*** Opening TASK DATA ***
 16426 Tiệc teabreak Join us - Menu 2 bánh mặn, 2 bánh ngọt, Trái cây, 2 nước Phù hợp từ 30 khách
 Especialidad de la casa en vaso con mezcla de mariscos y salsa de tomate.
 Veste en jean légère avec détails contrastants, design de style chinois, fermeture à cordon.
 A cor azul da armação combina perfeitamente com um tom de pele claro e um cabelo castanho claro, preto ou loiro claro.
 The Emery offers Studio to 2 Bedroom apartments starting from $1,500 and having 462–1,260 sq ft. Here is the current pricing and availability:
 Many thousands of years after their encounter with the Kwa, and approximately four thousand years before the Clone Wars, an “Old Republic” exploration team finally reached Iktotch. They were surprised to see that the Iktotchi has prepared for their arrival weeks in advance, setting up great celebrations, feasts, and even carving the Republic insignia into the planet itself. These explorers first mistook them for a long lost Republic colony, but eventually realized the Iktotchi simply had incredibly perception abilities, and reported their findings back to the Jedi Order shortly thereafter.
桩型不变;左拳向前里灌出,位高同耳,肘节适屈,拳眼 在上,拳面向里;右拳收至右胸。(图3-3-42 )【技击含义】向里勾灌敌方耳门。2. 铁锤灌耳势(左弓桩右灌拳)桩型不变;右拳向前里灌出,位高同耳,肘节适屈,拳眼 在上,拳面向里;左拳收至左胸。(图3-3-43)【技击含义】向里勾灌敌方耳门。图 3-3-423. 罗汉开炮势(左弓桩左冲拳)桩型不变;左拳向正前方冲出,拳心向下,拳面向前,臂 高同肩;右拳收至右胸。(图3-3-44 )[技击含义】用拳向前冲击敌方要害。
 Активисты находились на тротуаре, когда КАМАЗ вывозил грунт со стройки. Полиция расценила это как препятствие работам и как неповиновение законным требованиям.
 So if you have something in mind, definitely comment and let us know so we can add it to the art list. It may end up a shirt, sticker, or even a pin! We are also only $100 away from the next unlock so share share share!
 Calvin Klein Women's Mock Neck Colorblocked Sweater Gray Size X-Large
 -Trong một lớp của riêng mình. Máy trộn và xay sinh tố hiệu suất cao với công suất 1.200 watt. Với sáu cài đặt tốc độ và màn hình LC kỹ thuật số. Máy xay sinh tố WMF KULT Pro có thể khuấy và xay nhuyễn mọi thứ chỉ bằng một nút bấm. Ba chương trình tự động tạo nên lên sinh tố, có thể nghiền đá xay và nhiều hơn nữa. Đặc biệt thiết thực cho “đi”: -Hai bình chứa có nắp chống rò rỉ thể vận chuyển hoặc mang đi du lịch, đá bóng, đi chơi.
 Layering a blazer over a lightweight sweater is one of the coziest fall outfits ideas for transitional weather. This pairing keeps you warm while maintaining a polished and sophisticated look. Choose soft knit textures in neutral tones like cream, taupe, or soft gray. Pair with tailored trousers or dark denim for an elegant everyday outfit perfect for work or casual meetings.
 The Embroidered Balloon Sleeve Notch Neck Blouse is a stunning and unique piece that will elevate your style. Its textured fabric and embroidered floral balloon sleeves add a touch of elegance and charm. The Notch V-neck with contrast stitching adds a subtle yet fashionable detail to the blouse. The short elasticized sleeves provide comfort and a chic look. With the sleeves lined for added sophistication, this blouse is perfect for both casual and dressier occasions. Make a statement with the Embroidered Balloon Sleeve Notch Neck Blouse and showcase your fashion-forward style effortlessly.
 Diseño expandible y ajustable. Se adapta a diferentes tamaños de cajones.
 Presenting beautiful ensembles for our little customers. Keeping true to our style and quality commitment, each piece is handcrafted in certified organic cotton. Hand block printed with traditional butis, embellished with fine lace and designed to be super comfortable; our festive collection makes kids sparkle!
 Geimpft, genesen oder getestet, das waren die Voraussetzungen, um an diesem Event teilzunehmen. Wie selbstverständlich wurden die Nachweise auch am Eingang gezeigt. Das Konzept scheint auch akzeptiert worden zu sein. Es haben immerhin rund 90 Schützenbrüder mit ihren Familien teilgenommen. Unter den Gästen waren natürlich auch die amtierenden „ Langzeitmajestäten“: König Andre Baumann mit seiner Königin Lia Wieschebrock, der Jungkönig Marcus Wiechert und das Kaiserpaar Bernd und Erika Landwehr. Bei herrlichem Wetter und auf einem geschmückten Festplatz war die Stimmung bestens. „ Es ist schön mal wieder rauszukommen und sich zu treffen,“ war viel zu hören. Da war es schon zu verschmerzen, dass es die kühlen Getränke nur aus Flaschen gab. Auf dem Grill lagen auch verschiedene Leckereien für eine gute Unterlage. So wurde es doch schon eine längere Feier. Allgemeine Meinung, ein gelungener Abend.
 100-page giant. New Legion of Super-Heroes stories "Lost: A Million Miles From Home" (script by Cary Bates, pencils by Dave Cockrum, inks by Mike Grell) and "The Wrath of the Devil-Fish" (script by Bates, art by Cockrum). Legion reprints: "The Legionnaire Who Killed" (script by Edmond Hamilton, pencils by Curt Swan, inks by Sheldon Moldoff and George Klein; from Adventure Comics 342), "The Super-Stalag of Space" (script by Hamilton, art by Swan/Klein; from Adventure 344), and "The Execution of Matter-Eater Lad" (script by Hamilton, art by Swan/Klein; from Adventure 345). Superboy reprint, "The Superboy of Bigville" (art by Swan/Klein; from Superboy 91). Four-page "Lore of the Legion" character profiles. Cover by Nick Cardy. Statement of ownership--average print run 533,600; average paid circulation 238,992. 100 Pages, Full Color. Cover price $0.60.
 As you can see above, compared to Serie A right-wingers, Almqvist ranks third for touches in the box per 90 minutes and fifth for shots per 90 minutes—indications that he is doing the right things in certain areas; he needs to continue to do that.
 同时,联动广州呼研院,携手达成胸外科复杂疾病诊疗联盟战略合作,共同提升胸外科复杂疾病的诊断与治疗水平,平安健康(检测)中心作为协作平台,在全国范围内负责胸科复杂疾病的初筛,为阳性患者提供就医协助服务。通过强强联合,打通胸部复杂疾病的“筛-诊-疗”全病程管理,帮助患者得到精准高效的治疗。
*** Closing TASK DATA ***
* _YOUR OBJECTIVE_:
Your answer must be the records above, repeated exactly.

* _SOLUTION TO THIS PROBLEM_:
 16426 Tiệc teabreak Join us - Menu 2 bánh mặn, 2 bánh ngọt, Trái cây, 2 nước Phù hợp từ 30 khách
 Especialidad de la casa en vaso con mezcla de mariscos y salsa de tomate.
 Veste en jean légère avec détails contrastants, design de style chinois, fermeture à cordon.
 A cor azul da armação combina perfeitamente com um tom de pele claro e um cabelo castanho claro, preto ou loiro claro.
 The Emery offers Studio to 2 Bedroom apartments starting from $1,500 and having 462–1,260 sq ft. Here is the current pricing and availability:
 Many thousands of years after their encounter with the Kwa, and approximately four thousand years before the Clone Wars, an “Old Republic” exploration team finally reached Iktotch. They were surprised to see that the Iktotchi has prepared for their arrival weeks in advance, setting up great celebrations, feasts, and even carving the Republic insignia into the planet itself. These explorers first mistook them for a long lost Republic colony, but eventually realized the Iktotchi simply had incredibly perception abilities, and reported their findings back to the Jedi Order shortly thereafter.
桩型不变;左拳向前里灌出,位高同耳,肘节适屈,拳眼 在上,拳面向里;右拳收至右胸。(图3-3-42 )【技击含义】向里勾灌敌方耳门。2. 铁锤灌耳势(左弓桩右灌拳)桩型不变;右拳向前里灌出,位高同耳,肘节适屈,拳眼 在上,拳面向里;左拳收至左胸。(图3-3-43)【技击含义】向里勾灌敌方耳门。图 3-3-423. 罗汉开炮势(左弓桩左冲拳)桩型不变;左拳向正前方冲出,拳心向下,拳面向前,臂 高同肩;右拳收至右胸。(图3-3-44 )[技击含义】用拳向前冲击敌方要害。
 Активисты находились на тротуаре, когда КАМАЗ вывозил грунт со стройки. Полиция расценила это как препятствие работам и как неповиновение законным требованиям.
 So if you have something in mind, definitely comment and let us know so we can add it to the art list. It may end up a shirt, sticker, or even a pin! We are also only $100 away from the next unlock so share share share!
 Calvin Klein Women's Mock Neck Colorblocked Sweater Gray Size X-Large
 -Trong một lớp của riêng mình. Máy trộn và xay sinh tố hiệu suất cao với công suất 1.200 watt. Với sáu cài đặt tốc độ và màn hình LC kỹ thuật số. Máy xay sinh tố WMF KULT Pro có thể khuấy và xay nhuyễn mọi thứ chỉ bằng một nút bấm. Ba chương trình tự động tạo nên lên sinh tố, có thể nghiền đá xay và nhiều hơn nữa. Đặc biệt thiết thực cho “đi”: -Hai bình chứa có nắp chống rò rỉ thể vận chuyển hoặc mang đi du lịch, đá bóng, đi chơi.
 Layering a blazer over a lightweight sweater is one of the coziest fall outfits ideas for transitional weather. This pairing keeps you warm while maintaining a polished and sophisticated look. Choose soft knit textures in neutral tones like cream, taupe, or soft gray. Pair with tailored trousers or dark denim for an elegant everyday outfit perfect for work or casual meetings.
 The Embroidered Balloon Sleeve Notch Neck Blouse is a stunning and unique piece that will elevate your style. Its textured fabric and embroidered floral balloon sleeves add a touch of elegance and charm. The Notch V-neck with contrast stitching adds a subtle yet fashionable detail to the blouse. The short elasticized sleeves provide comfort and a chic look. With the sleeves lined for added sophistication, this blouse is perfect for both casual and dressier occasions. Make a statement with the Embroidered Balloon Sleeve Notch Neck Blouse and showcase your fashion-forward style effortlessly.
 Diseño expandible y ajustable. Se adapta a diferentes tamaños de cajones.
 Presenting beautiful ensembles for our little customers. Keeping true to our style and quality commitment, each piece is handcrafted in certified organic cotton. Hand block printed with traditional butis, embellished with fine lace and designed to be super comfortable; our festive collection makes kids sparkle!
 Geimpft, genesen oder getestet, das waren die Voraussetzungen, um an diesem Event teilzunehmen. Wie selbstverständlich wurden die Nachweise auch am Eingang gezeigt. Das Konzept scheint auch akzeptiert worden zu sein. Es haben immerhin rund 90 Schützenbrüder mit ihren Familien teilgenommen. Unter den Gästen waren natürlich auch die amtierenden „ Langzeitmajestäten“: König Andre Baumann mit seiner Königin Lia Wieschebrock, der Jungkönig Marcus Wiechert und das Kaiserpaar Bernd und Erika Landwehr. Bei herrlichem Wetter und auf einem geschmückten Festplatz war die Stimmung bestens. „ Es ist schön mal wieder rauszukommen und sich zu treffen,“ war viel zu hören. Da war es schon zu verschmerzen, dass es die kühlen Getränke nur aus Flaschen gab. Auf dem Grill lagen auch verschiedene Leckereien für eine gute Unterlage. So wurde es doch schon eine längere Feier. Allgemeine Meinung, ein gelungener Abend.
 100-page giant. New Legion of Super-Heroes stories "Lost: A Million Miles From Home" (script by Cary Bates, pencils by Dave Cockrum, inks by Mike Grell) and "The Wrath of the Devil-Fish" (script by Bates, art by Cockrum). Legion reprints: "The Legionnaire Who Killed" (script by Edmond Hamilton, pencils by Curt Swan, inks by Sheldon Moldoff and George Klein; from Adventure Comics 342), "The Super-Stalag of Space" (script by Hamilton, art by Swan/Klein; from Adventure 344), and "The Execution of Matter-Eater Lad" (script by Hamilton, art by Swan/Klein; from Adventure 345). Superboy reprint, "The Superboy of Bigville" (art by Swan/Klein; from Superboy 91). Four-page "Lore of the Legion" character profiles. Cover by Nick Cardy. Statement of ownership--average print run 533,600; average paid circulation 238,992. 100 Pages, Full Color. Cover price $0.60.
 As you can see above, compared to Serie A right-wingers, Almqvist ranks third for touches in the box per 90 minutes and fifth for shots per 90 minutes—indications that he is doing the right things in certain areas; he needs to continue to do that.
 同时,联动广州呼研院,携手达成胸外科复杂疾病诊疗联盟战略合作,共同提升胸外科复杂疾病的诊断与治疗水平,平安健康(检测)中心作为协作平台,在全国范围内负责胸科复杂疾病的初筛,为阳性患者提供就医协助服务。通过强强联合,打通胸部复杂疾病的“筛-诊-疗”全病程管理,帮助患者得到精准高效的治疗。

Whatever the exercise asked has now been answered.